01-20-2016, 10:12 PM
Hat tip to WoTR for the pointer to David Ucko's article in the Journal of Strategic Studies, Authoritarian Counterinsurgency has appeared on SWC several times, although not in one specific thread and sometimes in the Historians arena.

The JSS article is behind a pay wall:http://www.tandfonline.com/doi/full/10.1080/01402390.2015.1094390

Their Abstract:
Rather than win hearts and minds, authoritarian counterinsurgency is said to rely heavily on coercion. It has a reputation for effectiveness, if also for its amorality. Still, the research into authoritarian counterinsurgency is surprisingly lacking. By distilling common features from key cases, this article concludes that this approach goes beyond the indiscriminate violence that typically captures the imagination. Like their democratic counterparts but differently, authoritarian regimes also engage in mobilisation, create narratives, and turn military advantage into political gain. The analysis explains how these tasks are undertaken and, by contradistinction, sheds light on more liberal approaches as well.

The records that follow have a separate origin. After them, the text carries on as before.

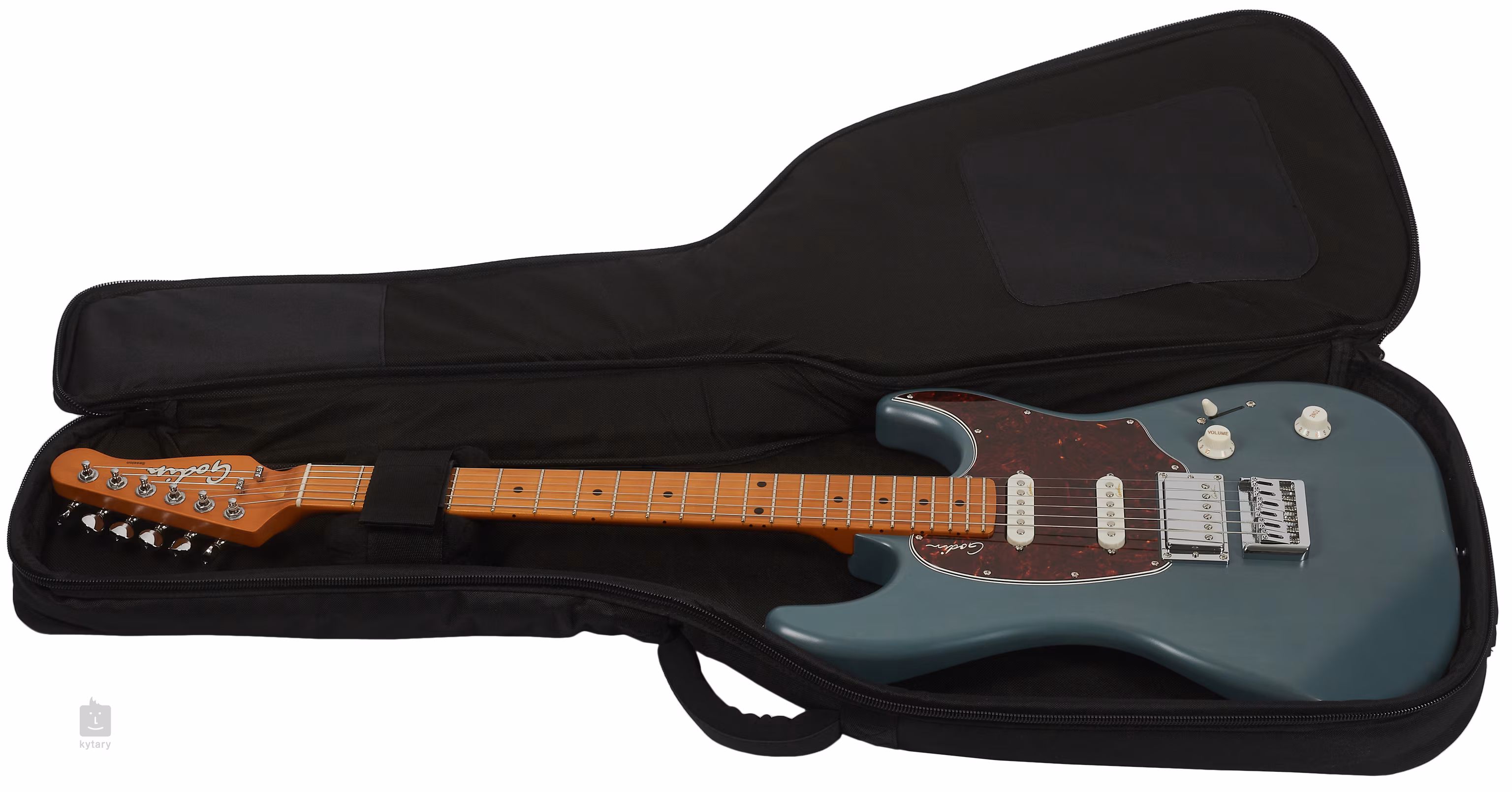 Die Saiten werden in Stimmmechaniken mit einem Übersetzungsverhältnis von 18:1 und einer soliden Brücke über einen Graphtech-Nullbund gehalten. Die schöne Verarbeitung wird durch ein seidenmattes Ultra-Thin-Finish in Arctik Blue und ein praktisches Schlagbrett aus Schildpatt-Imitat akzentuiert. Die Gitarre wird in einem Gigbag geliefert.
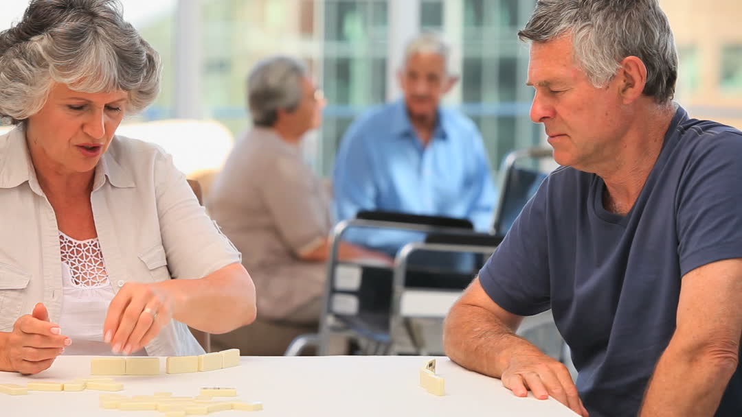 A senior couple is playing a game of dominoes indoors, with other elderly residents in the background. Perfect for illustrating leisure activities in retirement or nursing homes, themes of active aging, or companionship among seniors.
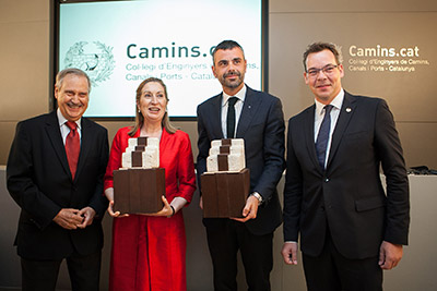 La ministra de Fomento, Ana Pastor, ha recibido esta semana junto con el conseller de Territori y sostenibilidad de la Generalitat de Cataluña, Santi Vila, la Medalla Ildefons Cerdà, que les ha concedido el Colegio de Ingenieros de Caminos, Canales y Puertos de Cataluña, en reconocimiento al esfuerzo de ambos por alcanzar acuerdos y extender lazos de entendimiento, siempre, en beneficio de toda la ciudadanía.
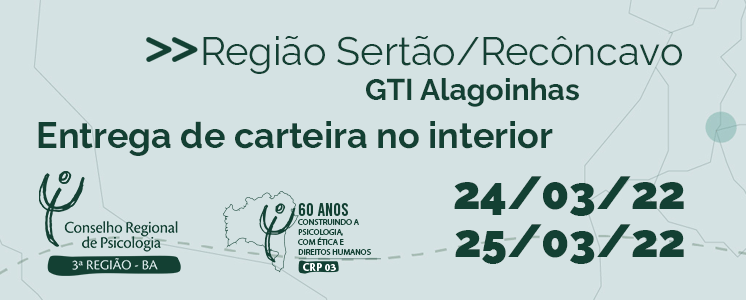 Nos dias 24 e 25/03/2022, o Conselho Regional de Psicologia da Bahia (CRP-03), por meio da Comissão de Interiorização (COMINTER), realizará entrega de Carteira de Identidade Profissional (CIP) em Alagoinhas.
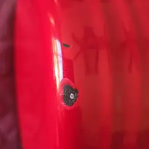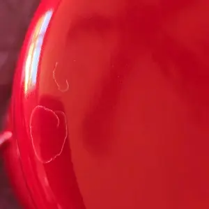 The product arrived open, and when I removed it from the box there were red paint chips everywhere. The bottom back side is missing a lot of paint. It will still work, but the back is ruined, which is disappointing.
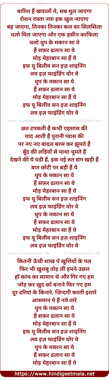 Lyrics of Dhoop Ke Makan Sa Ye Hai Safar - धुप के मकान सा ये हैं सफ़र
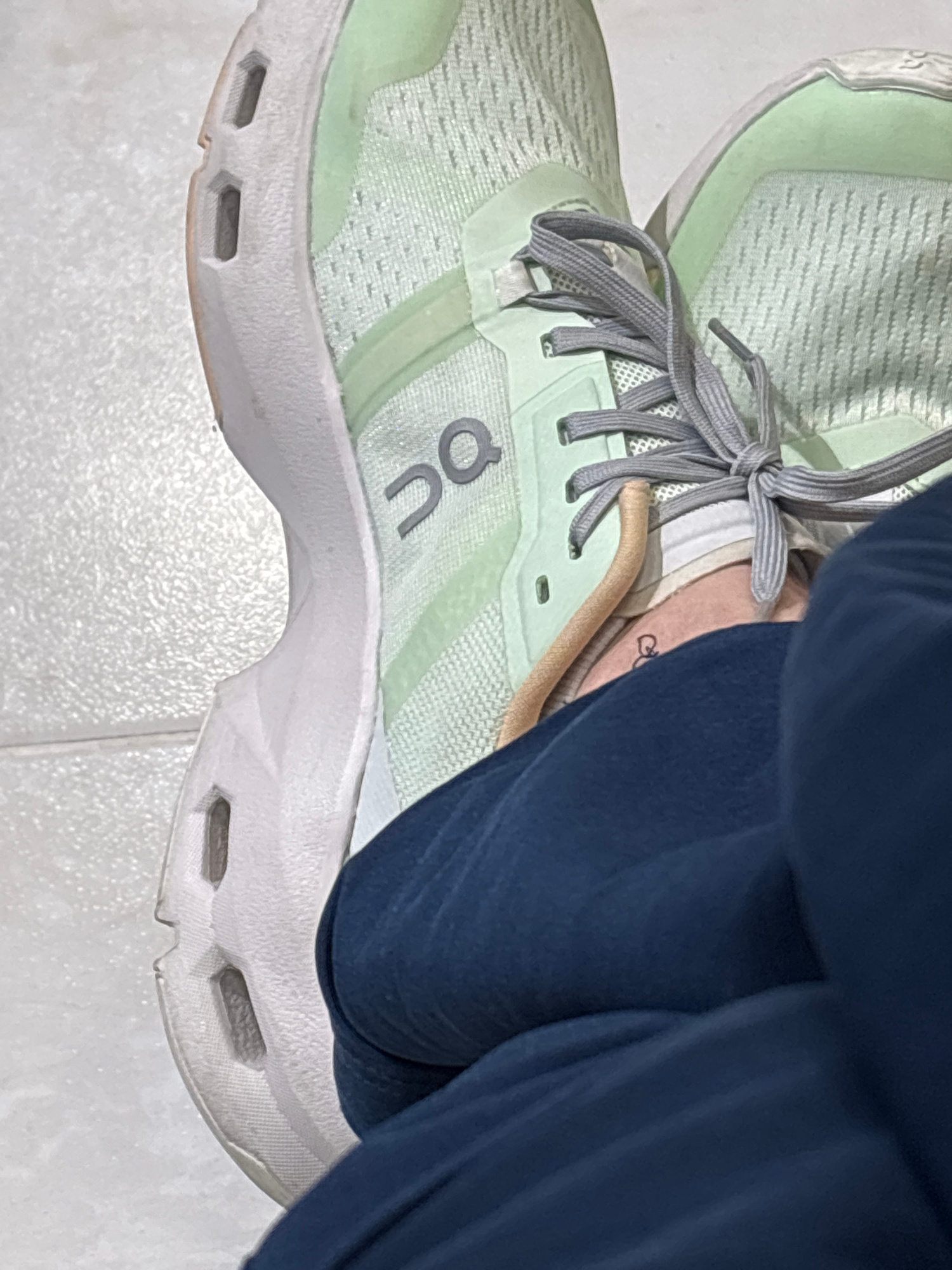The image shows a close-up view of a person wearing a light green On brand running shoe. The shoe has gray laces, a white sole with cutouts, and the On logo is visible. Part of the person's ankle is v…read more
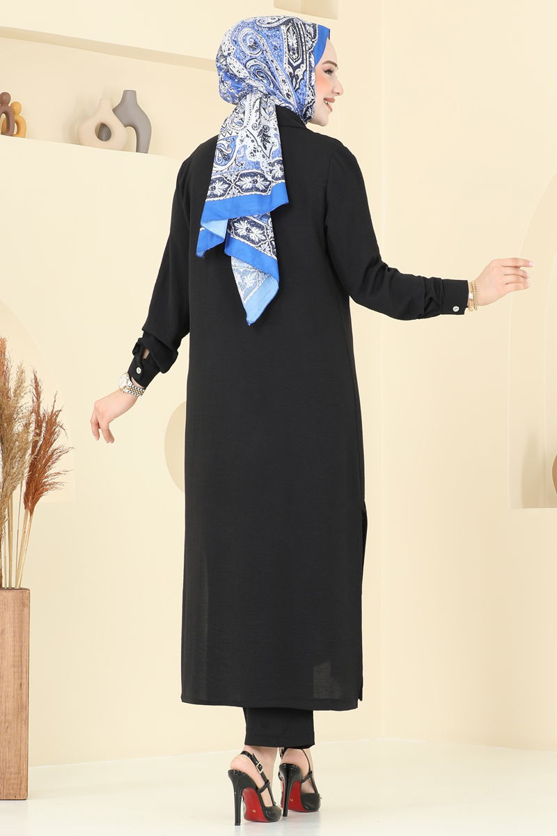 The Side Slit Aerobin Suit, tailored for the modest fashion style with the model, offers comfort in all seasons. This suit, which can be delicately washed and is suitable for washing at 30 degrees, is made from aerobin fabric. With hidden button details and slit button accessories, it enhances elegance while the elastic waistband on the pants increases comfort. Its unlined structure and active cuff buttons make it both stylish and practical.

David has a short, open access article on WoTR:http://warontherocks.com/2016/01/regimes-and-revolt-authoritarian-ways-of-counterinsurgency/?

01-21-2016, 05:27 PM
Is there a good discussion (by these authors or someone else) that you would recommend, about Tsarist Russia's suppression of the 1905 revolution (or revolutions, as there was no unified movement or event)?
That might be a good example to look at, since not only is it well documented, it has been written about from many angles and Left wing revolutionaries in particular are familiar with it because of their fascination with the Russian revolution that followed. Its lessons (real or imagined) may thus play a role in the decisions of authoritarians as well as revolutionaries. Even Islamic revolutionaries get some of their intellectual material from left wing revolutionaries and their writings, and may have ideas whose origins go back to that particular episode..
Just a thought.

Bob's World
01-22-2016, 01:55 PM
A few thoughts on revolutionary insurgency and how to deal with it:

1. This type of internal (even if external parties come to play, as they typically do) is not really war, but is better thought of as "illegal democracy" - the least efficient or practical form of democracy to be sure, but oppressed/excluded populations denied effective legal means of addressing political grievances can't be choosers. That is equally true in terms of what UW practitioner they turn to for external support. Congratulations Mr. Government, you just got your 360 evaluation, and your subordinates gave you an "F" from at least one identity-based population under your governance.

2. Any COIN campaign against a revolutionary insurgency that is not centered around twin pillars of understanding and resolving grievances/reconciliation, and disruption/mitigation of violence (both legal and illegal), is a variation on temporary suppression, not cure.

3. Insurgency is simple, but COIN, a domestic operation, is hard. But its harder when you're stupid. Most governments get stupid when faced with insurgency.

01-22-2016, 07:51 PM
David Ucko's full article in JSS is now available free via:http://www.tandfonline.com/doi/pdf/10.1080/01402390.2015.1094390

02-05-2016, 10:08 PM
After a polite exchange on Twitter between different viewpoints this counter-argument article has been id'd: Why Democracies Make Superior Counterterrorists by Max Abrahams, in 2007, in the journal Security Studies. It available free:https://www.academia.edu/1593648/_Why_Democracies_Make_Superior_Counterterrorists_S ecurity_Studies_Vol._16_No._2_Spring_2007_

04-20-2016, 03:31 PM
In my understanding of COIN theory as it exists today, there seems to be an underlying assumption that an insurgency can be 'neutralized' by aggressively targeting hearts and minds - i.e. that there's always an opportunity for diplomatic/political engagement. Is this perception accurate? With regards to the Russian Revolution mentioned above, and with 'authoritarian' insurgencies, it seems to me there comes a radicalization tipping point after which political overtures are futile.